Node.js
Getting Started API Reference
Integrations
Speech-to-Text Keyword Spotting Voice Activity Detection
Back to decibri.dev

Sherpa-ONNX Keyword Spotting

Detect specific spoken keywords and wake phrases in real time using decibri and sherpa-onnx. Runs entirely offline with no API key, no cloud service, and no network dependency.

What this does

This integration captures live microphone audio using decibri and feeds it to a sherpa-onnx keyword spotting (KWS) engine. When a user speaks one of your defined keywords or phrases, the engine detects it and reports which phrase was matched.

Choose this for wake word detection, voice command triggers, or any scenario where you need to listen for specific phrases without transcribing everything.

Prerequisites

Install packages

$ npm install decibri sherpa-onnx

Download a keyword spotting model

Download a KWS model from the sherpa-onnx releases. For example, the Zipformer transducer KWS model:

wget https://github.com/k2-fsa/sherpa-onnx/releases/download/kws-models/sherpa-onnx-kws-zipformer-wenetspeech-3.3M-2024-01-01.tar.bz2
tar xvf sherpa-onnx-kws-zipformer-wenetspeech-3.3M-2024-01-01.tar.bz2

This creates a directory with the model files: encoder.onnx, decoder.onnx, joiner.onnx, tokens.txt, and bpe.model.

Code walkthrough

1. Configuration

Define your model paths and the keywords you want to detect.

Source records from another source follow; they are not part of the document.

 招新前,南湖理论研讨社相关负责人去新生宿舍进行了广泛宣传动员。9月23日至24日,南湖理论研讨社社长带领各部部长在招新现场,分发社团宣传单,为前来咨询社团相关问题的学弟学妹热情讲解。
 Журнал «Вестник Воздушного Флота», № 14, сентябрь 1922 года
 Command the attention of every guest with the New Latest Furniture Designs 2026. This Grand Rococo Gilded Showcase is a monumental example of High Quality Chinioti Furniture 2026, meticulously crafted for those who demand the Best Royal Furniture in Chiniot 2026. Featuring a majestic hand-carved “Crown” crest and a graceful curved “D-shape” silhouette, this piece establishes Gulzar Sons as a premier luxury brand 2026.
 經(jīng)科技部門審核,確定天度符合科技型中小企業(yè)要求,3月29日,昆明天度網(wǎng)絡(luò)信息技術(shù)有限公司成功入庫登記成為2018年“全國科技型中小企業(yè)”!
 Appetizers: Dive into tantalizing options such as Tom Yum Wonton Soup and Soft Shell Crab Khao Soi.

Keywords are encoded as BPE token sequences using the model's tokens.txt file.

const Decibri = require('decibri');
const sherpa = require('sherpa-onnx');

const modelDir = './sherpa-onnx-kws-zipformer-wenetspeech-3.3M-2024-01-01';

const config = {
  featConfig: { sampleRate: 16000, featureDim: 80 },
  modelConfig: {
    transducer: {
      encoder: `${modelDir}/encoder-epoch-12-avg-2-chunk-16-left-64.onnx`,
      decoder: `${modelDir}/decoder-epoch-12-avg-2-chunk-16-left-64.onnx`,
      joiner: `${modelDir}/joiner-epoch-12-avg-2-chunk-16-left-64.onnx`,
    },
    tokens: `${modelDir}/tokens.txt`,
    numThreads: 2,
    provider: 'cpu',
  },
  keywordsFile: `${modelDir}/keywords.txt`,
};
Keywords file format: Each line contains a keyword phrase followed by its BPE-encoded token IDs and an optional detection threshold. See the sherpa-onnx KWS documentation for the exact format.

2. Create the KWS engine

Instantiate the keyword spotter and create a detection stream.

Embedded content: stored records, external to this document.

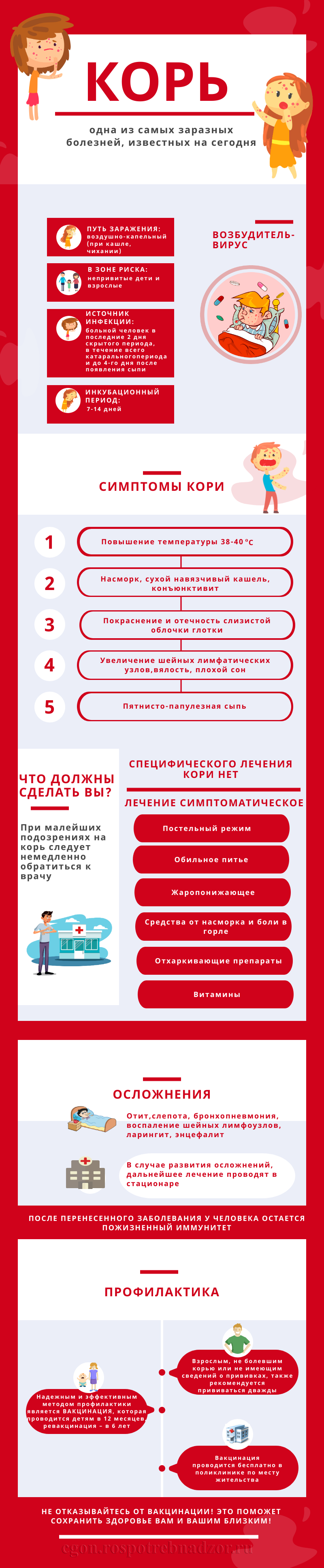 Все члены семьи должны принимать витамины, особенно А и С. Если в семье есть не болевший и не вакцинированный ребенок, то ему нельзя посещать детский коллектив с 8 до 17 дня от контакта с больным.Вовремя начатое лечение кори убережет вас от опасных осложнений!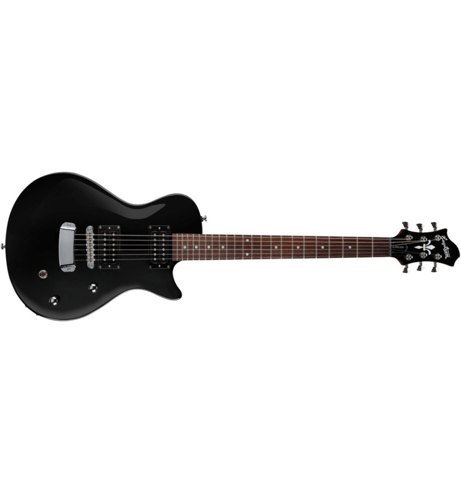 GUITARRA ELÉCTRICA SINGLE CUT Ultra Swede - ESN - Black Gloss. Cuerpo de caoba, mástil de arce atornillado (Bolt-on), diapasón de jatoba tostado. Puente Tune-O-Matic Long Throw, Hagstrom Sustain Blocks. Alma H-Expander. Pastillas: 2 x Custom 62 Ceramic. Selector de 3 posiciones. Potis: 1 x Vol RC-Circuit, 1 x Tone. Escala de 24.75''. Clavijeros Hagstrom 15:1. Acabado negro brillo (Black Gloss).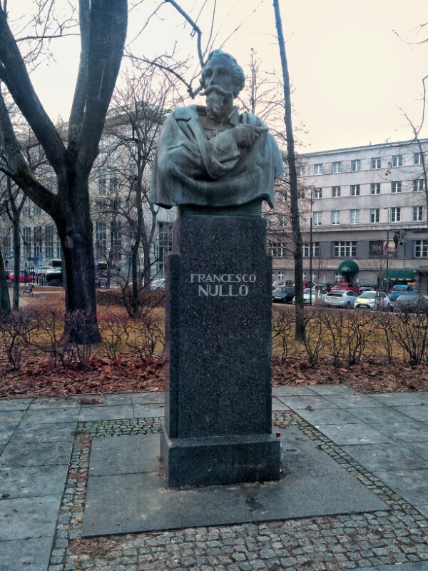 Nieopodal Sejmu, u zbiegu ulic Francesco Nullo i Frascati, stoi popiersie patrona jednej z tych ulic.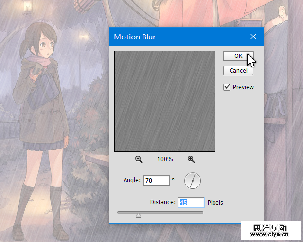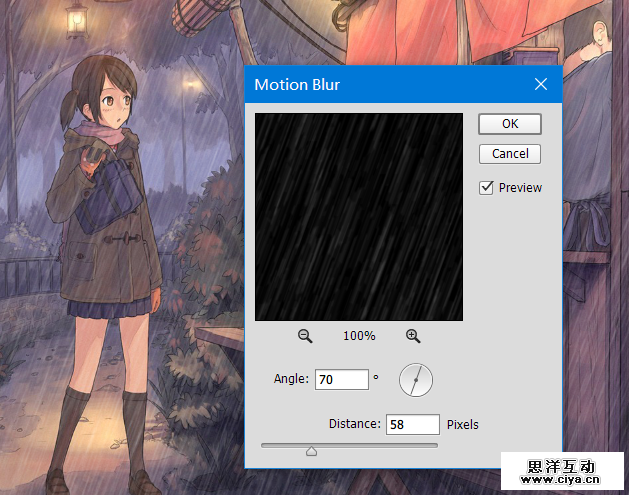 接下来,添加动感模糊滤镜,参数如下:

const kws = new sherpa.KeywordSpotter(config);
const stream = kws.createStream();

3. Open the microphone

Create a decibri instance at 16 kHz mono to match the model's expected input.

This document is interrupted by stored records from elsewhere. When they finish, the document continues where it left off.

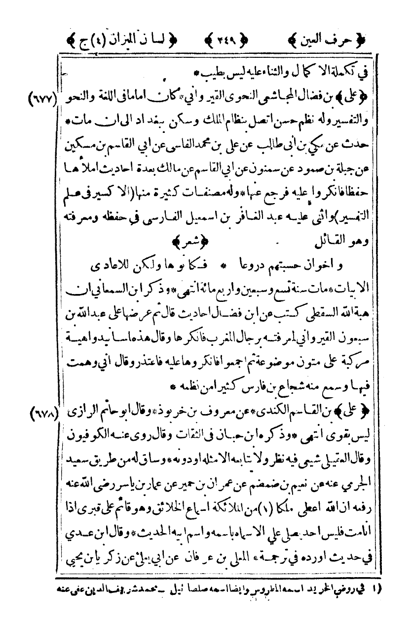 [677] "علي" بن فضالة المجاشعي النحوي القيرواني كان إماما في اللغة والنحو والتفسير وله نظم حسن اتصل بنظام الملك وسكن ببغداد إلى أن مات حدث عن مكي بن أبي طالب عن علي بن محمد الفاسي عن أبي القاسم بن مسكين عن جبلة بن صمود عن سمنون عن أبي القاسم عن مالك بعدة أحاديث املأها حفظا فأنكروا عليه فرجع عنها وله مصنفات كثيرة منها إلاكسير في علم التفسير وأثنى عليه عبد الغافر بن إسمعيل الفارسي في حفظه ومعرفته وهو القائل.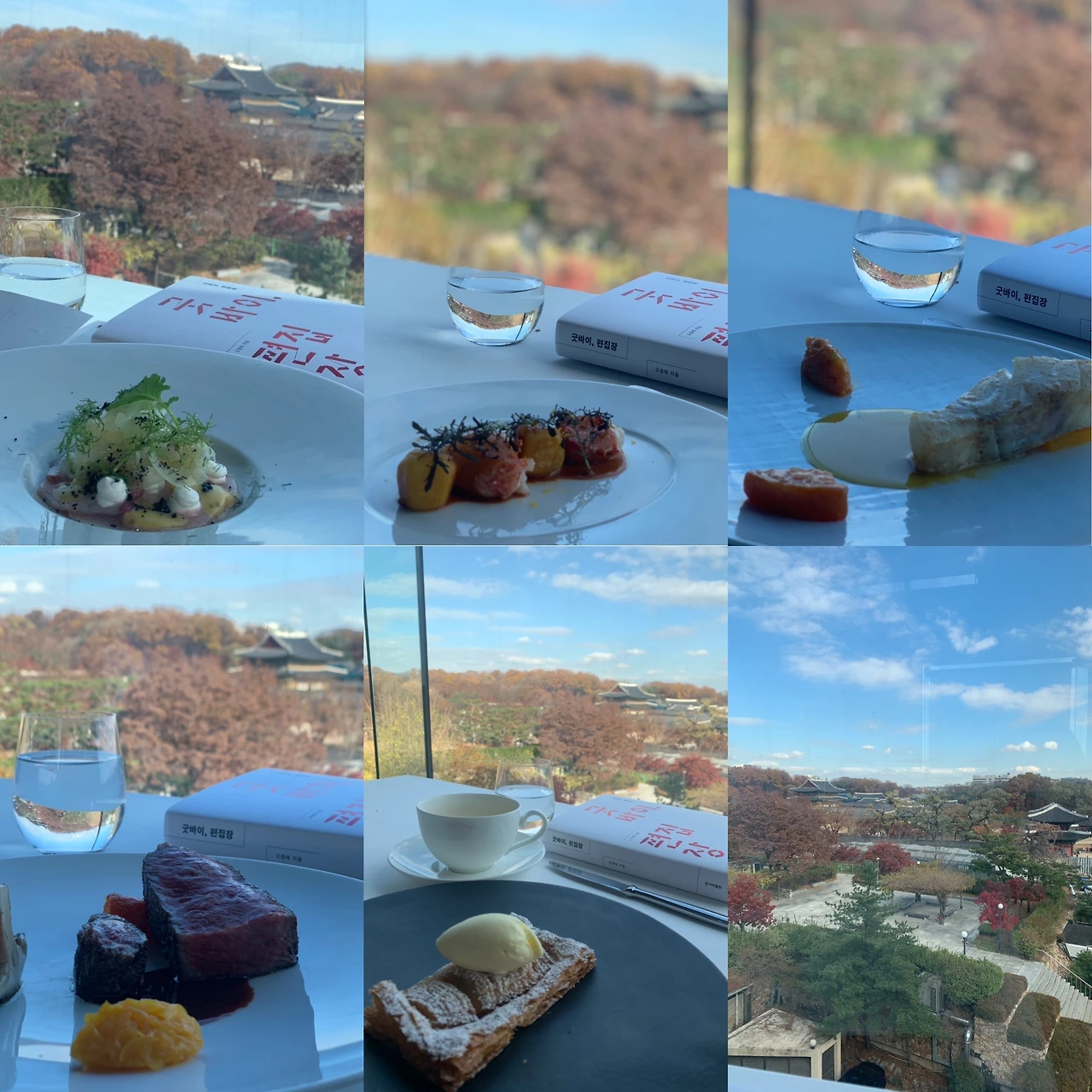 124. 꾸역꾸역 잘먹고산다는게 마음 불편하거나 미안하지 않는 세상이 좋은 세상일텐데. 호사로운 날이었어요. 근처 근무할 때에도 비싸서 얻어먹기도 사주기도 힘든 식당 #다이닝인스페이스 점심. 아직 가을물이 남은 창덕궁을 바라보는 뷰가 예상대로 끝내줍니다. 음식도 훌륭해 뭐하나 남길 수가 없더라고요.. 게다가 두 K님과 대화라니. 제가 참 복많은 인간.. 만점 점심에 이어.. 저녁은 한남동 #에피세리꼴라쥬. 와인값만으로도 후덜덜 했는데, 가볍게 쏴주시는 능력자 S 덕분에 호사. 그 능력자가 요즘 #플랜트패러독스 에 빠져서 가리는 음식이 엄청 늘었는데, 제게도 식단 짜줄테니 그대로 먹어보라고요. 탄수화물은 물론 붉은 고기도, 토마토도, 가지도 피하는 삶을 저는 살 수 없는데... 걍 와인만 퍼마시며 살아야 하는 걸까요. 무튼 회사가 쑥쑥 성장하고, 실질적 수익을 내고, 더 큰 꿈을 그리는 건.. 정말 잘 안먹어도 배부른 비결일듯요.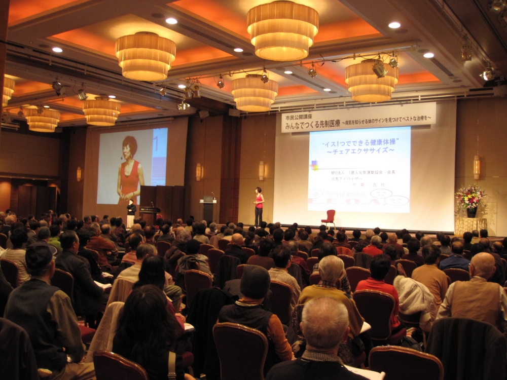 先端医療に従事される医師の3名の先生方が先に学術的見識からご講演後、最後が私の担当です。参加者は90分程度、同じ姿勢で講演を聞いていらっしゃったので、なるべく実践中心に「すぐにやってみよう!」と思っていただけるよう、記憶が困難でないわかりやすいエクササイズと講話に45分徹するようにしました。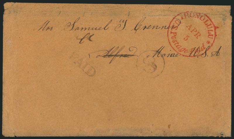 75° c ImageHonolulu*U.S. Postage Paid*Apr. 5 (1853). Two covers to Samuel Crenner in Alfred Me., each with clear strike of red circular datestamp of same date, neat "Paid" and "8" in circle handstamps (6c plus 2c ship fee), some overall wear and soiling, edge tears, still Fine-Very Fine, both carried on brig Zoe, which departed Honolulu Apr. 7 and arrived in San Francisco Apr. 25, curiously these covers were not datestamped in San Francisco (Image)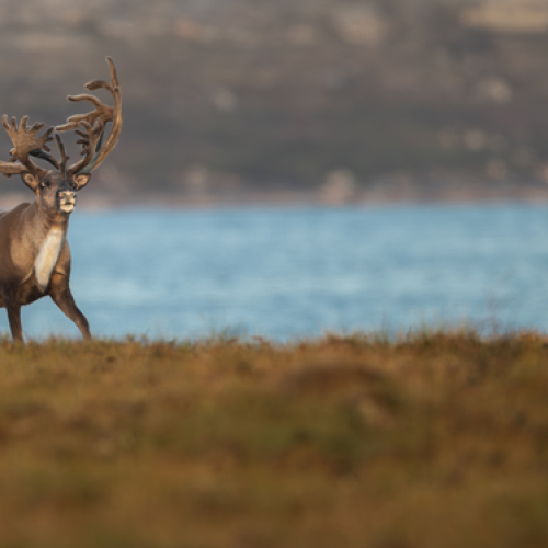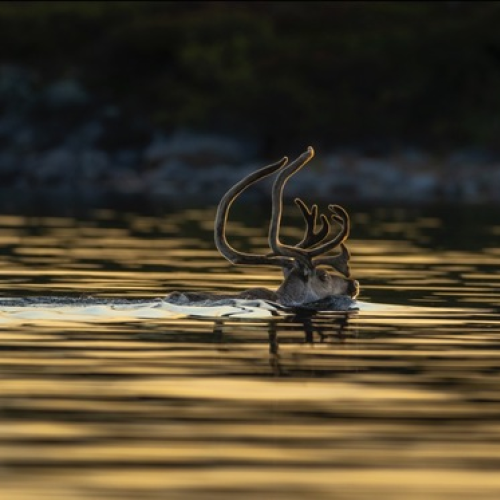 A barren-ground caribou illuminated in golden light swimming back to the mainland on Aylmer Lake, NT.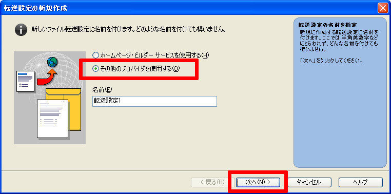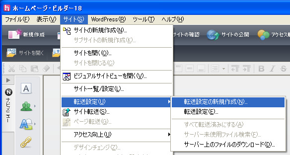 ホームページビルダーのツールバーで「サイト」 → 「転送設定」 → 「転送設定の新規作成」をクリックします。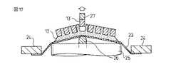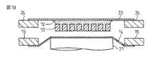 図11において、ローラー22によって第二の接着性シート23を積層体に付着させた後に、必要に応じて、図12に示すように、外部刺激25を与えて第一の接着性シート14の接着力を低下させる。次に、リングフレーム15及び24の距離を遠ざけると、図13に示すように、第一の接着性シート14及び第二の接着性シート23の接着力の差異により、第一の接着性シート14が剥離し、フリップ移載が起こる。  In FIG. 11, after the

const mic = new Decibri({ sampleRate: 16000, channels: 1 });

4. Process audio and detect keywords

Convert each incoming Int16 buffer to Float32, feed it to the KWS engine, and check for keyword detections.

mic.on('data', (chunk) => {
  // Convert Int16 PCM to Float32
  const int16 = new Int16Array(chunk.buffer, chunk.byteOffset, chunk.length / 2);
  const float32 = new Float32Array(int16.length);
  for (let i = 0; i < int16.length; i++) {
    float32[i] = int16[i] / 32768;
  }

  // Feed audio to the KWS engine
  stream.acceptWaveform(16000, float32);
  while (kws.isReady(stream)) {
    kws.decode(stream);
  }

  // Check for keyword detections
  const keyword = kws.getResult(stream).keyword;
  if (keyword) {
    console.log(`Detected: "${keyword}"`);
  }
});

5. Clean shutdown

Stop the microphone and free resources when the user presses Ctrl+C.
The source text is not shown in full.